In questa direzione si muove altresì la recente pronuncia del Tribunale di Roma emessa il 22 giugno 2021 con cui è stato rigettato un ricorso analogo. Il Giudice della Capitale ha stabilito che proprio alla luce dell’attuale quadro normativo – cioè vigenti l’articolo 580 comma 1 del Codice penale, gli articoli 1, 2 e 4 della legge n. 219/2017 – non si possa riconoscere un diritto all’aiuto al suicidio in capo al richiedente che contempli, peraltro, un corrispettivo obbligo di aiuto al suicidio in capo al medico o al personale sanitario.

Il Tribunale di Roma ha posto in evidenza come neanche successivamente alla sentenza Corte costituzionale n. 242/2019 l’ordinamento riconosca un diritto di aiuto al suicidio, poiché la Corte “al chiaro fine di sgombrare il campo da possibili equivoci, ha puntualizzato che la presente declaratoria di illegittimità costituzionale si limita a escludere la punibilità dell’aiuto al suicidio nei casi considerati, senza creare alcun obbligo di procedere a tale aiuto in capo ai medici”.

La Consulta peraltro, nella sentenza come nella precedente ordinanza n. 207/2018 – ha precisato non soltanto che la eventuale somministrazione del farmaco letale è una opzione – quindi né un diritto né un obbligo – ma che per di più “deve essere sottolineata l’esigenza di adottare opportune cautele affinché l’opzione della somministrazione di farmaci in grado di provocare entro un breve lasso di tempo la morte del paziente non comporti il rischio di alcuna prematura rinuncia, da parte delle strutture sanitarie, a offrire sempre al paziente medesimo concrete possibilità di accedere a cure palliative diverse dalla sedazione profonda continua, ove idonee a eliminare la sua sofferenza in accordo con l’impegno assunto dallo Stato con la citata legge n. 38 del 2010. Il coinvolgimento in un percorso di cure palliative deve costituire, infatti, un pre-requisito della scelta, in seguito, di qualsiasi percorso alternativo da parte del paziente”.
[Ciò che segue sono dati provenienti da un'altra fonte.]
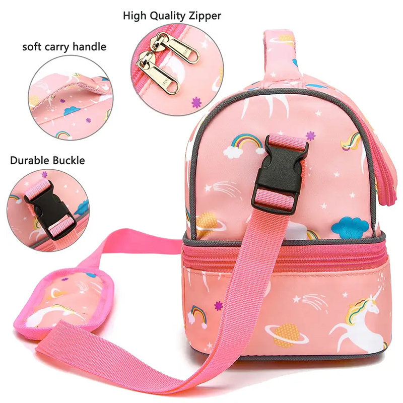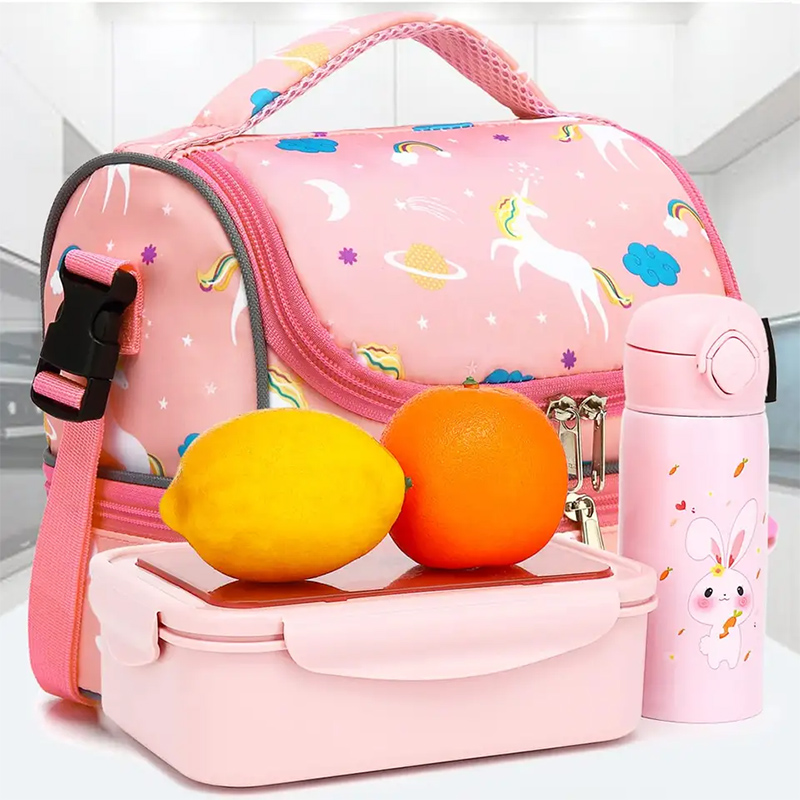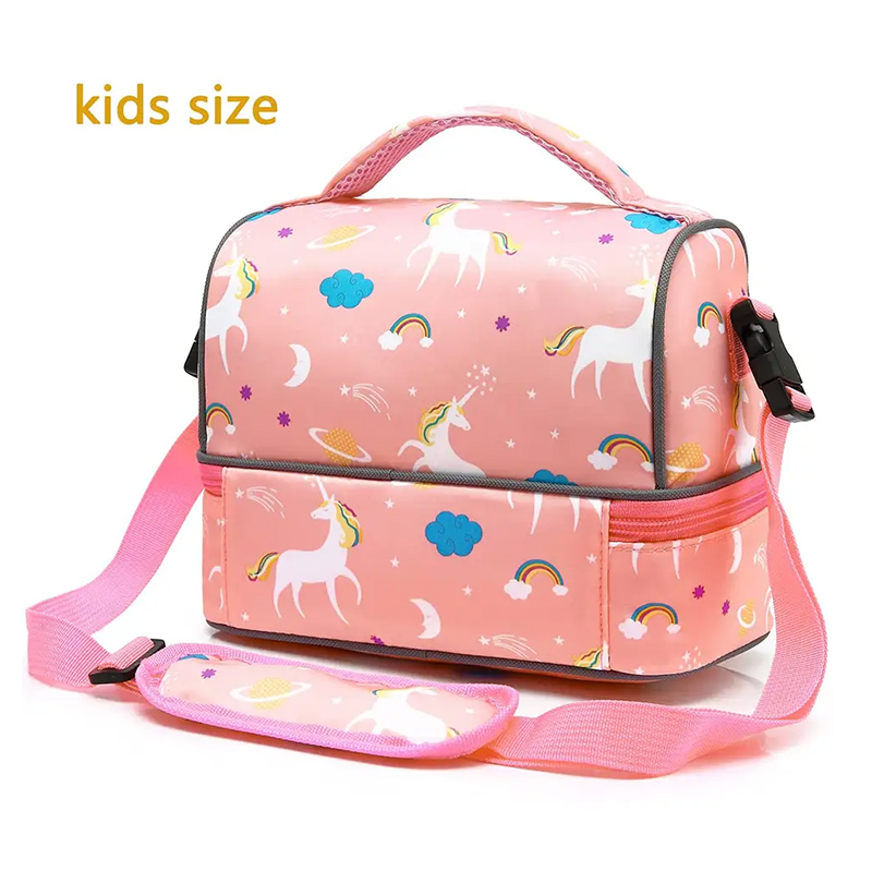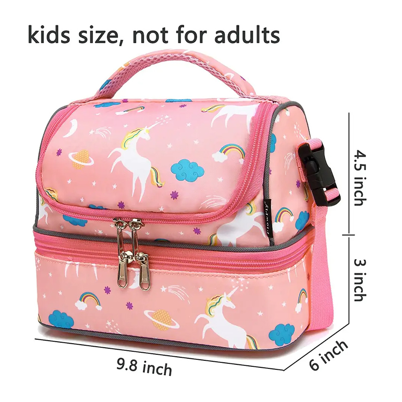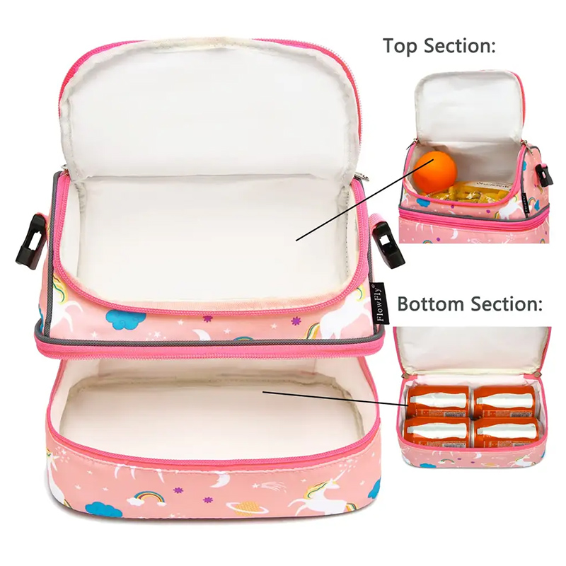 Με τη σχεδίαση διπλού στρώματος και το μικρό μέγεθος, αυτή η τσάντα είναι ιδανική για παιδιά. Η επάνω θήκη είναι ιδανική για την αποθήκευση φρούτων, πατατών, σνακ και ποτών, ενώ η κάτω ορθογώνια θήκη παρέχει άφθονο χώρο για τα αγαπημένα σας γεύματα, ντελικατέσεν και μεσημεριανές λιχουδιές. Γεμίστε τα ευρύχωρα διαμερίσματα με κουτιά μεσημεριανού γεύματος, δοχεία για σάντουιτς, καρυκεύματα, μπολ με φρουτοσαλάτες και πολλά άλλα.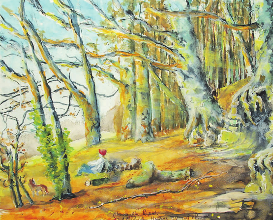 Text und Aquarell mit Mischtechnik 50x60cm EA 2017. Über Wynental Reinach Leimbach Sandsteinbrüche Homberg von Alberto Romer, Beinwil am See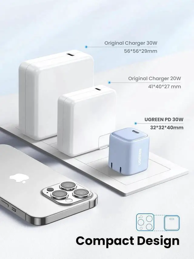 UGREEN 30W USB C Charger for iPhone 17, Nexode Foldable GaN PPS Compact Fast Wall Charger Block, USB-C Power Adapter for iPhone 17/16/15/14, Galaxy S25/S24/S23/S22 Blue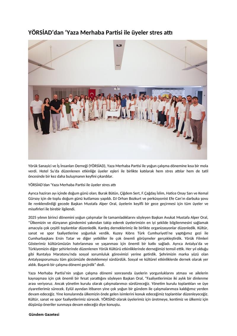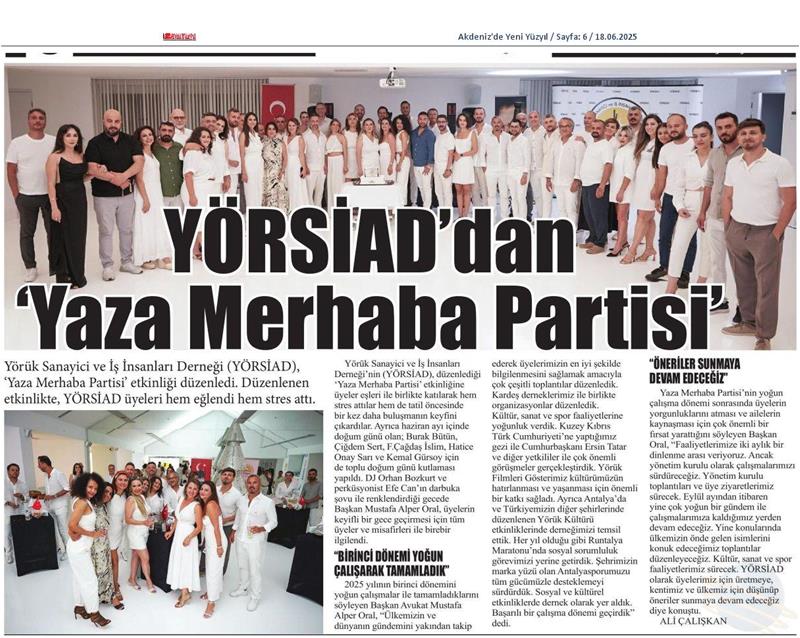 YÖRSİAD YAZA MERHABA PARTİSİ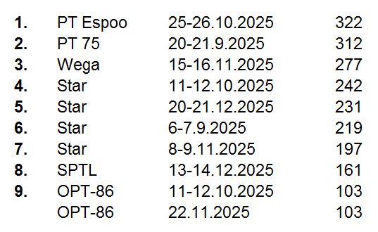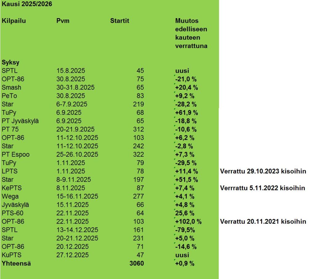 Tiukalle se meni, ja tarvittiin KuPTS:n Joulukisat. Syksy 2025 onnistui viime syksyn tapaan tekemään uuden syyskauden kilpailuaktiivisuusennätyksen (kaudesta 2008/2009 alkaen). Edellinen ennätys 3032 oli siis syksyltä 2024. Nyt ennätys kirjataan lukemin 3060. Uuteen ennätykseen tarvittiin 20 starttia Kuopiosta mutta saatiin 47! Parannusta edelliseen kauteen eli syksyyn 2024 verrattuna oli vain 0,9 %, mutta on aina hienoa, että mennään eteenpäin! Ennen koronavuosia eli syksyllä 2019 lukema oli vain 2424. Siitä on parannettu jo 26 %.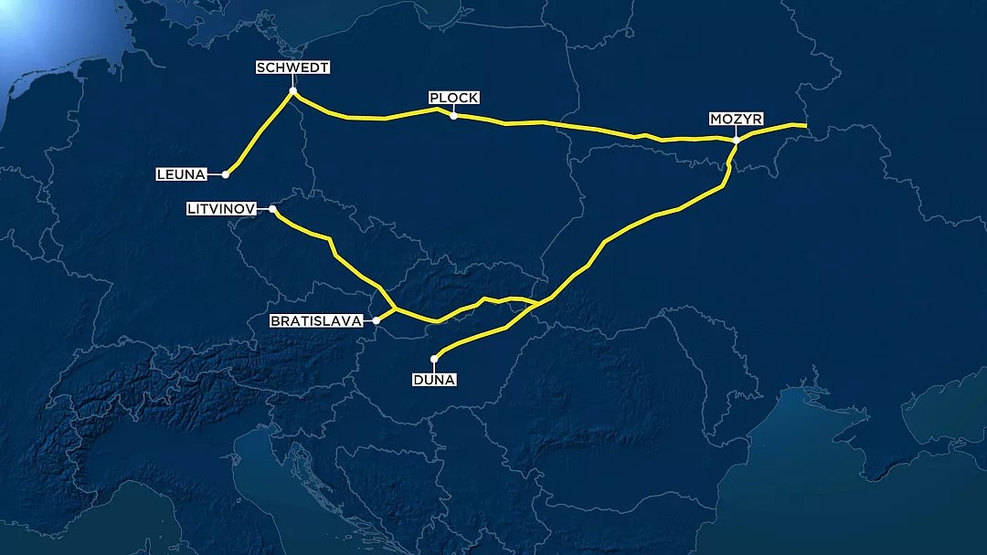 The Druzhba pipeline feeds directly into several oil refineries across the European Union | Credit: Euronews (May 31, 2022)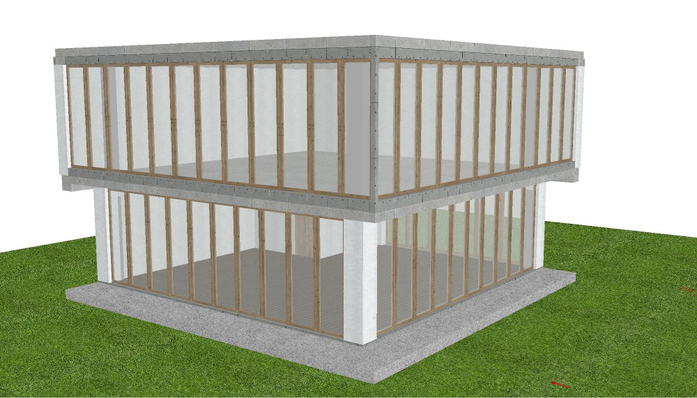 modernist exterior shot a modern two story glass building with wooden window frames featuring soft gray concrete accents the atmosphere is serene and inviting with a bright clear sky above the surrounding lush green grass adds a touch of vibrancy to the scene the building s exterior is illuminated by warm golden sunlight casting gentle elongated shadows across the ground evoking a sense of calm and tranquility architecture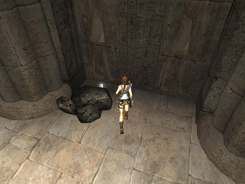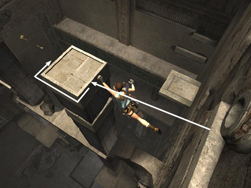 Jump back to grab the top of the square pillar behind. Do not drop down. If you do, Lara won't be able to make the next grab. Do not climb on top of the pillar or Lara will be in the path of the darts. Instead climb around to the other side of the pillar.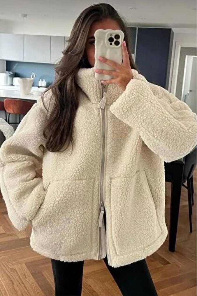 Beyaz, yumuşak kumaştan yapılmış, yüksek yakalı ve kürk detaylı bu ceket, bol kesim ve uzun kollu olup günlük sokak stili için uygundur. Orta uzunluktadır.ilk görsel temsili

Poiché il ricorso verteva sulla richiesta di una ulteriore declaratoria di illegittimità costituzionale dell’articolo 580 del Codice penale, il Tribunale di Roma lo ha rigettato sul presupposto che, come ribadito dalla Corte Costituzionale, su tale materia esiste la discrezionalità del legislatore, e quindi la doglianza costituzionale è manifestamente infondata. Resta il dato obiettivo di pronunce di merito che affermano tesi specularmente opposte, sulla base della medesima sentenza del Giudice della leggi.